Posts Tagged ‘magic mice’

*I decided I needed something to introduce the reader to Ella, when she still doesn’t believe in magic. Here it is.*

Ella Peabody walked home in the twilight, her worn green backpack slung over her shoulders. She walked on the left side of the road, facing traffic, so she noticed when two of the four squad cars of the Fall City PD passed her, apparently headed to a silent alarm. She stopped at the crosswalk in front of Miss Sophy’s home, but not before waving at the figure hidden behind the sheer curtains. Miss Sophy waved back, but didn’t quit spying. No doubt, she was curious about the emergency, too.
Fall City was a remote mountain village, set deep in the Cascades, with a two lane highway in and out, and only seasonal tourist attractions in the form of summer cabins along what was referred to as Fall Lake, but which was little more than a mosquito pond.. There was really no industry of any kind: a little logging, a lot of hunting and fishing in season, some outlying ranches, a dying main street, and one sad little strip mall. The bowling alley still attracted local teams. Cell reception sometimes was lost for days when a good winter storm blew in and the passes were snowed in.
Ella looked both ways and proceeded across the street. She was almost clear of the last lane when a big white van blew past her, going well over the 25 mile-an-hour speed limit and crazily close to the teenager.
“Jerk!” she muttered, too shy to shout it.
Ella wasn’t just shy: she was socially inept, according to her best friend, Billie.
“You spend too much time in the science lab,” Billie would say. “Why don’t you come hang out at the skate park with me and the guys?”
The guys were Dustin (“Dish”) and Gran, Ella and Billie’s childhood friends. Ella had a crush on Dish, but she didn’t dare tell anyone, not even Billie. Billie was a little spitfire, totally out-going, and only a so-so student in school. Billie also already had a date lined up for the Winter Ball, and Ella had – well, nothing. She doubted Dish would ever try to ask her out: she was just ‘one of the guys’.
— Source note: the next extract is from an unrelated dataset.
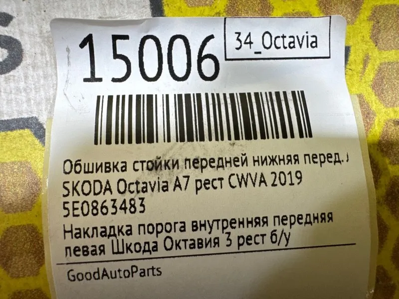 | Номер детали: | 5E08634839B9 |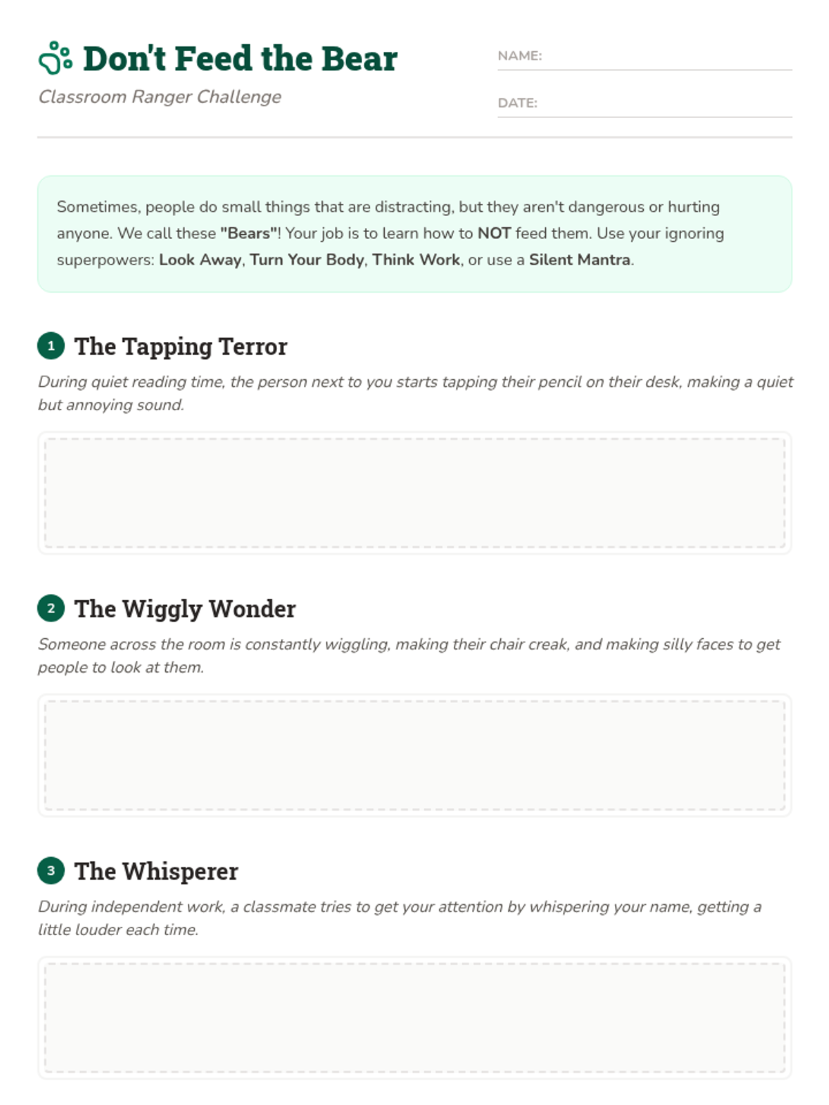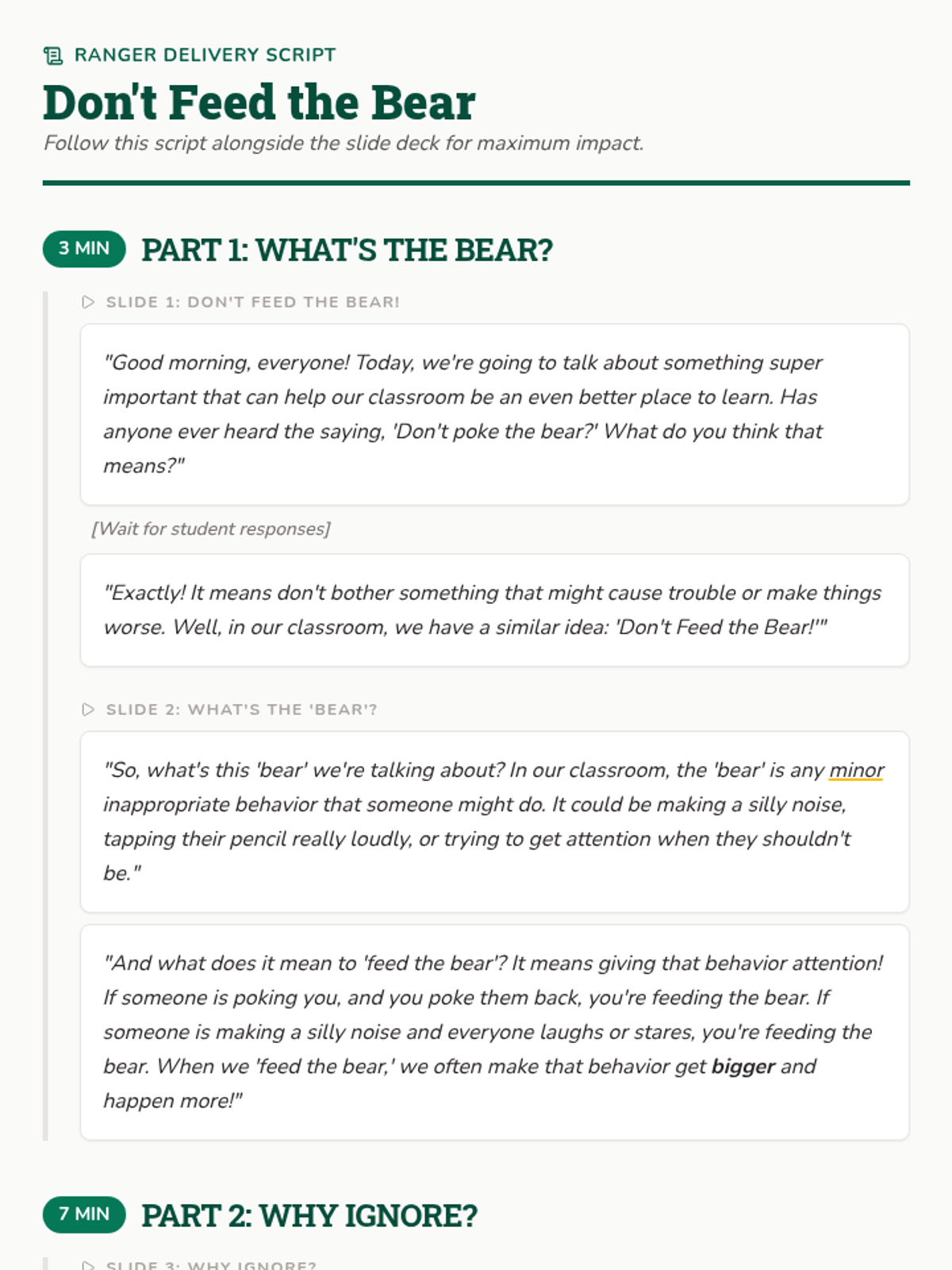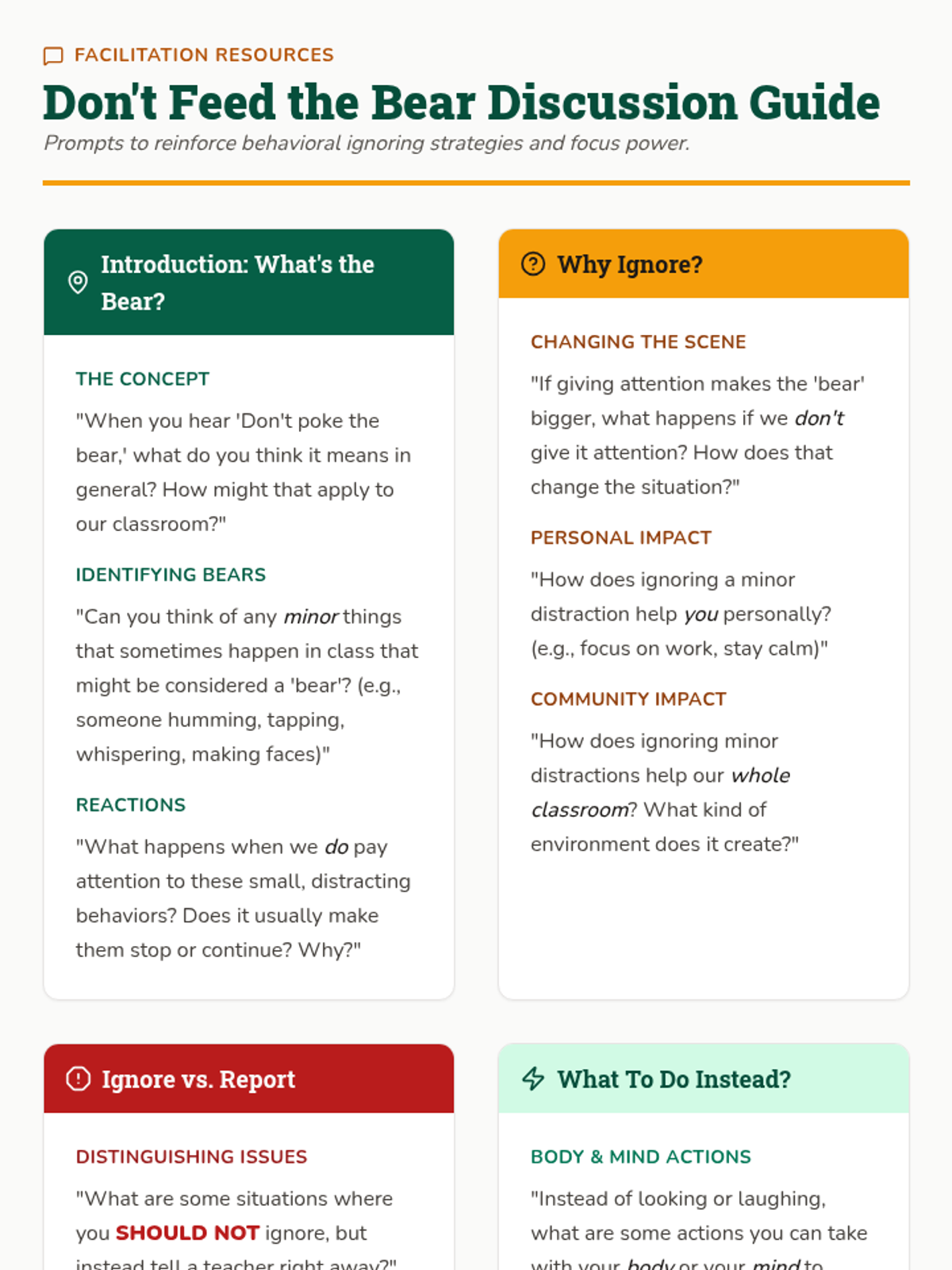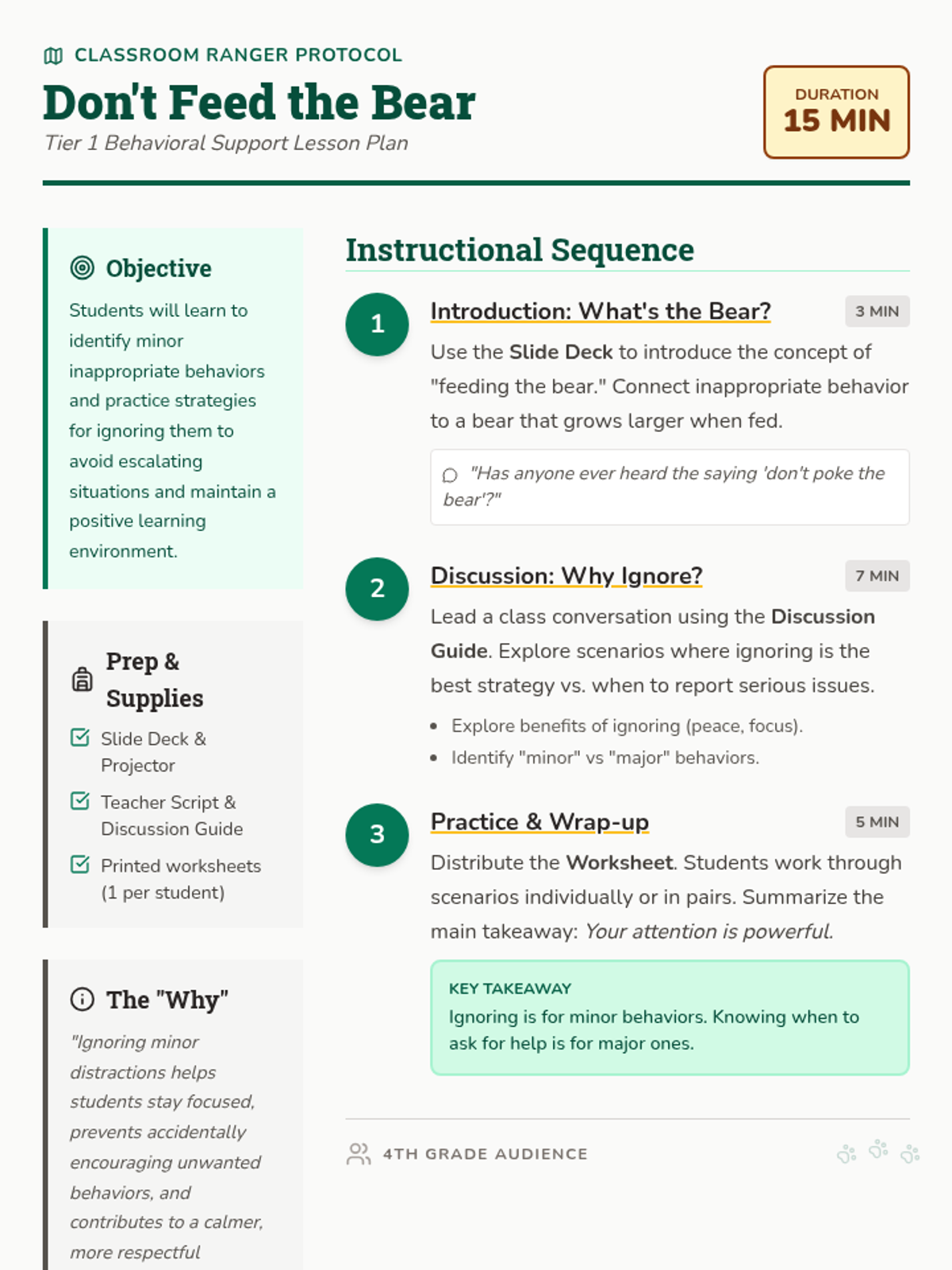 A quick 15-minute Tier 1 review lesson for 4th graders on ignoring minor inappropriate behaviors to maintain focus and a positive classroom environment. Students learn that their attention is like 'food' for behavioral 'bears'.

Fall City had a decent skate park. The city fathers built it to keep teenagers out of trouble, and it worked for some of them. Others hung around at the skate park and smoked cigarettes before leaving to shred sidewalks around abandoned businesses. There was also a dirt BMX bike track that got used by mountain bikers and BMX riders, but it wasn’t sanctioned by the town council and was always in danger of being bulldozed over.
Ella loved Fall City with the sole exception of the widely-held belief that it was a haven for witches and practioners of magic. She once spent an entire summer convincing tourist kids there was no such thing as magic. She did this by setting up a booth at the Farmer’s Market and offering to debunk any magic trick they tried to prove. She’d done quite well, too, much to the amusement of the good citizens of Fall City (most of whom liked their spooky reputation). However, her endeavors had further isolated her from school mates who now looked a little askance when she neared. Ella the Nerd, they called her.
Mr. Gist, who lived four houses down from the Peabody’s, backed out of his driveway so quickly that he nearly hit Ella. She jumped back and was surprised at the angry look on the little man’s face. He was usually such a nice man!
She walked up the long walkway to her home, a late 1800’s Queen Anne, shaking her head. She was still pondering all the odd events when she let herself in and smelled dinner cooking. Lasagna, her favorite. She dropped her back pack and tossed her jacket onto the coat tree near the front door.
“I’m home!”
“Great! Now we can eat!” Her little brother, Aric, pushed himself out of the gaming chair he had been ensconced in. “I’ve had to smell that for, like, an hour. Pure torture.”
Dinner was good, and her parents were in good humor. Ella cleared the table and loaded the dishwasher, before going upstairs to her bedroom to study for her Advanced Science course. She fell asleep in the wee hours of the night.
She dreamed there were distant sirens and someone was walking down the middle of the street, pointing a magic wand at houses and sending them up in flames. Ella wrapped herself in a robe and floated out her bedroom window to the street, and held up her Advanced Science book as if to repel the cloaked stranger.
“Magic does not exist!” she shouted. She shouted and shouted until she woke herself up, mumbling in her sleep and gasping.
“That was weird,” she told her stuffed cat. “Of course magic doesn’t actually exist.”